In secondary indexes, InnoDB trades complexity for space, by not keeping track of version history for each secondary index record separately. This adds complexity to three interdependent areas: multi-version concurrency control (MVCC), purge of transaction history, and implicit locking.
In multi-versioning, if a secondary index record has been marked for deletion, or if PAGE_MAX_TRX_ID indicates that the page where the record resides has been recently modified, InnoDB has to look up the record in the clustered index and then painstakingly construct each available version of the record to find out if the secondary index record exists in the current read view.
As noted in MDEV-16962, the purge of history must ensure that a delete-marked secondary index record is not visible in any MVCC view. If the secondary index comprises virtual columns, then the matching of clustered index record versions and the secondary index record may have to evaluate virtual column values.
As noted in MDEV-11215, a record is implicitly locked by a transaction if it was written or modified by that transaction. If a conflicting lock request arrives from another transaction, that transaction may convert the implicit lock request to an explicit one (on behalf of the lock-owner transaction) before creating its own lock object for starting the lock wait.
For clustered index records, determining whether a record is implicitly locked is easy: the hidden DB_TRX_ID column will belong to an active (or XA PREPARE; not committed) transaction. For secondary index records it is very expensive because there is no per-record DB_TRX_ID but only a PAGE_MAX_TRX_ID. Therefore the function row_vers_impl_x_locked() has to look up the matching version of the record in the clustered index before we can determine whether the secondary index record is implicitly locked. This and the similarly slow MVCC logic can lead to a 'death spiral' of a busy server. These operations slow down the purge of transaction history, and they become slower as the history grows. In my response to a blog post I mentioned Bug#14704286 SECONDARY INDEX UPDATES MAKE CONSISTENT READS DO O(N^2) UNDO PAGE LOOKUPS.
If we had DB_TRX_ID in InnoDB secondary index records, the existence implicit locks could be detected directly based on that field, just like in clustered indexes.
An indexed column can be modified multiple times during a transaction. If we also include DB_ROLL_PTR in the secondary index records, MVCC could construct earlier versions of the secondary index record by fetching earlier undo log records.
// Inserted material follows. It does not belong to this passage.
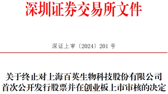 日前,百英生物向深交所提交了《上海百英生物科技股份有限公司关于撤回首次公开发行股票并在创业板上市申请文件的申请》,保荐人向深交所提交了《海通证券股份有限公司关于撤销保荐上海百英生物科技股份有限公司首次公开发行股票并在创业板上市的申请》。根据《深圳证券交易所股票发行上市审核规则(2024年修订)》第六十二条的有关规定,深交所决定终止对百英生物首次公开发行股票并在创业板上市的审核。
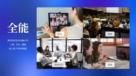 线上会议: 使用Zoom、Teams等会议软件/网站开线上会,将他人的发言实时翻译为你的母语。支持自动智能识别多种语言。

To reduce the space overhead, we could introduce a change to the secondary index leaf page header, allowing the following choices. This could be implemented by slightly repurposing the field PAGE_MAX_TRX_ID.
- PAGE_MAX_TRX_ID = 0: All records in the page are visible for all transactions.
- PAGE_MAX_TRX_ID = 0xFFFFFFFFFFFFFFFF: All records in the page have DB_TRX_ID,DB_ROLL_PTR.
- Else: There is no per-record versioning. (The old way.)
With this, we could gradually convert secondary index pages to the new format as the pages are being modified. No change to the metadata would be needed; all secondary indexes would be in this hybrid format. Tables could be imported to old MariaDB versions, but secondary indexes would have to be dropped and re-created if any page contains the extra fields.